Paper Number
IR7 

Session
Interfacial Rheology

Title
rheo-MAGIK: Investigating interfacial monolayers and their path dependent isotherms via combined neutron reflectivity and interfacial rheology technique

Presentation Date and Time
October 23, 2019 (Wednesday) 4:35

Track / Room
Track 7 / Room 306C

Authors (Click on name to view author profile)

  1. Tein, Ying-Heng S. (University of Delaware, Chemical and Biomolecular Engineering)
  2. Majkrzak, Charles F. (National Institute of Standards and Technology, Center for Neutron Research)
  3. Maranville, Brian (National Institute of Standards and Technology, Center for Neutron Research)
  4. Vermant, Jan (ETH Zurich)
  5. Wagner, Norman J. (University of Delaware, Chemical and Biomolecular Engineering)

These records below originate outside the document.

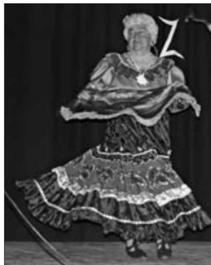
Humorban, zene- és nótaszóban nem volt hiány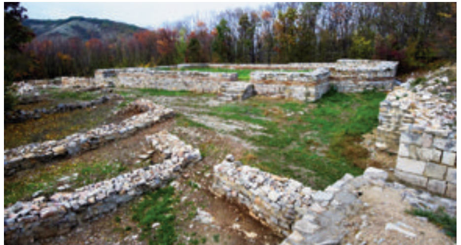
Die Ruinen des frühbyzantinischen Missionis bei Targoviste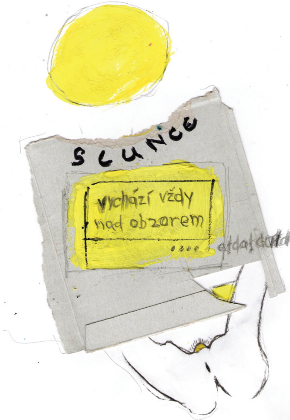
Autor: Pan B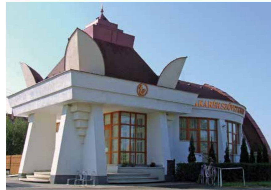
◀ Takarékszövetkezet, Tiszavárkony, 2002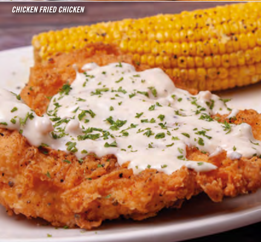
Chicken Fried Chicken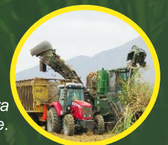
Cosechadora en verde.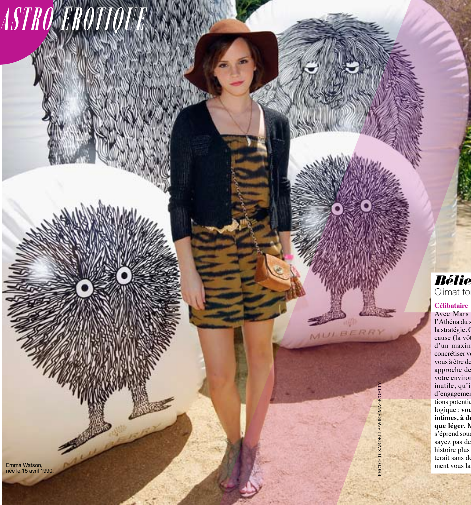
Emma Watson, née le 15 avril 1990.

Author and Affiliation Lines (in printed abstract book)
Ying-Heng S. Tein1, Charles F. Majkrzak2, Brian Maranville2, Jan Vermant3, and Norman J. Wagner1
1Chemical and Biomolecular Engineering, University of Delaware, Newark, DE 19716; 2Center for Neutron Research, National Institute of Standards and Technology, Gaithersburg, MD; 3ETH Zurich, Zurich, Switzerland

Speaker / Presenter 
Tein, Ying-Heng S.

Text of Abstract
Interfacial structure and rheological properties are critically important in biological (e.g. membranes) as well as many synthetic systems (e.g. emulsions), such that a better understanding how these are correlated can guide the formulation of systems with targeted interfacial properties. Mixed flow fields, typical of classical Langmuir trough experiments, convolute the interpretation of interfacial dilatational rheology for interfacial systems with both finite surface shear and dilatational moduli. Attempts have been made to resolve the anisotropic state of stress into their pure forms, either by multiple measurements in the Langmuir trough [1] or through the use of a radial trough [2]. In this presentation we describe the design and implementation of a new “Quadrotrough” to better approximate pure dilation or shear interface kinematics. The rheological capabilities of this interfacial trough are demonstrated through proof-of-concept experiments on widely studied, model systems. Importantly, this enables more clearly studying the path dependence of interfacial isotherms. Samples investigated include model steric acid insoluble monolayers as well as more complex macromolecules at the air-water interface. We critically test the hypothesis that anisotropic compression will only significantly affect the dilatational rheology for interfaces with finite surface shear moduli. This is important because convolution of mixed flow fields greatly complicates data interpretation. Combining the new Quadrotrough with both Brewster angle microscopy and neutron reflectivity provides detailed structural measurements of the interface at the microscale and nanoscale that elucidates the source of this path dependence. The potential for rheo-MAGIK, will be discussed and future investigations are reflected on for instrument development. References [1] Petkov, Jordan T., et al. Langmuir 16.8 (2000): 3703-3711. [2] Pepicelli, Martina, et al. Soft matter 13.35 (2017): 5977-5990.